You really should use the composer with the agent option enabled in Cursor.
Much better for tasks like the one you did in the video.
isn't o1 like super expensive?
It's following cursor rules much better than any other model. But cost is high. It's easy 10$/ day
Do you know that you can just paste the URL of the website in the cursor chat? No need to copy the entire content over.
thanks. was this costly?
Does anyone know whether o1 pro mode also will be available through the API and if so how much Cursor might charge for it?
Kris I do not have access as well - Maybe because we are from EU.

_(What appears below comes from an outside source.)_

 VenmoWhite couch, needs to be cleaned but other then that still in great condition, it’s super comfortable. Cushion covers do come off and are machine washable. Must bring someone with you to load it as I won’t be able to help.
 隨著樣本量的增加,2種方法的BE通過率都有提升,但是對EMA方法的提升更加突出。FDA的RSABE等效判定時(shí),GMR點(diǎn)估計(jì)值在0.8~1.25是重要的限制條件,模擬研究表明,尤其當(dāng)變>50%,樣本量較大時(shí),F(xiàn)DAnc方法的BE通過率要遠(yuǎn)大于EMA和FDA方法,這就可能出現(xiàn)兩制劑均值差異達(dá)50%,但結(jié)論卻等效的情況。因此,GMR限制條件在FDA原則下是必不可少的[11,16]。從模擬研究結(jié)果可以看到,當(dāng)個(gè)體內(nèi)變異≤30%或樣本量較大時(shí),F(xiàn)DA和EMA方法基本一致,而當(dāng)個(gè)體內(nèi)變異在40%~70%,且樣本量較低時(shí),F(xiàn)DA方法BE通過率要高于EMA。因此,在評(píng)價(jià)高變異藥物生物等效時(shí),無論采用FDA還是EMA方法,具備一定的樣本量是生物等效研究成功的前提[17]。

i have the o1 model available in the models options. i am from germany
@@superlama6452 Woke regulators are going to keep you away from innovation. Bring the change.
@@multi_variate Define woke?
Is cursor much better than just VS code with roo-cline
For example with roo-cline you can connect an Obsidian MCP so it can search and take in knowledge during its work
You know I really liked the idea of Claude, and I even coded with it for a time. But holy shit, their business model is annoying as hell within the actual Claude app. Even as a paying customer I had a limit per chat. Meaning I’d get really far into a project, get a cutoff mid-project, and have to start a new conversation with zero context.

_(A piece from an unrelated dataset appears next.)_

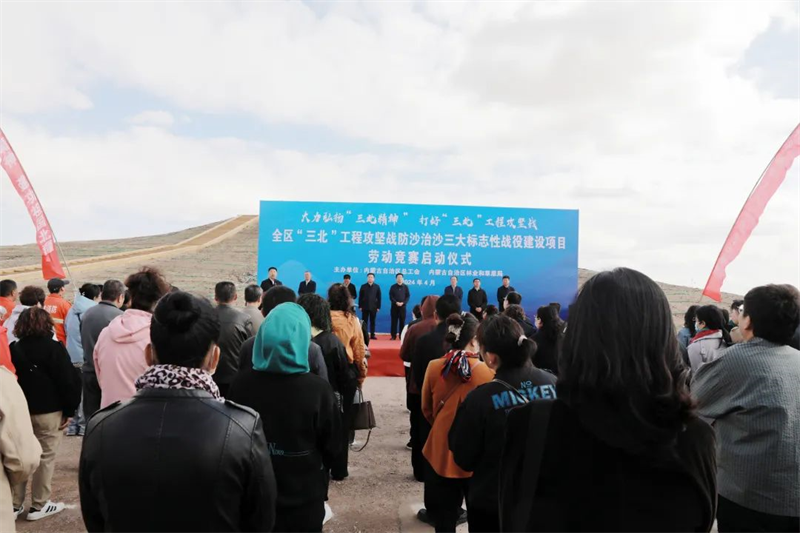 为全面贯彻落实习近平总书记重要指示精神,在自治区实施“六个工程”中贡献工会力量,4月29日,自治区总工会与自治区林业和草原局在巴彦淖尔市磴口县乌兰布和沙漠综合治理工程项目区隆重启动大力弘扬“三北精神”,打好“三北”工程攻坚战2024年内蒙古自治区“三北”工程攻坚战防沙治沙三大标志性战役建设项目劳动竞赛,自治区总工会党组书记、副主席张慧宇讲话,自治区总工会党组成员、经审会主任李锋杰主持启动仪式,自治区林业和草原局党组成员、副局长陈永泉讲话,巴彦淖尔市人大常委会副主任、市总工会主席尹兆平致辞,巴彦淖尔市林业和草原局局长陈海维讲话,内蒙古金丰农牧林生物科技有限公司经理孙文明代表参赛企业发言,磴口县防沙林场二作业区护林员金振云宣读倡议书。

I use chats as projects. Funnel my entire limit into one chat for Pete’s sake.
thats impressive
I think it would be better to use sonnet on a regular basis and solve the harder problems with o1 otherwise your waller is gonna be broken 😂😂
Amazing
You’re all doing AI coding completely wrong! 😂😂😂😂
Please, add arabic to audio track.
All ai are useless just for boilerplate
If one that train with an open source repo then u will get these type of ai
dev u will get what I'm saying if ur not copy-paste
Just for boiler plate doesn't sound useless, boilerplates are very useful.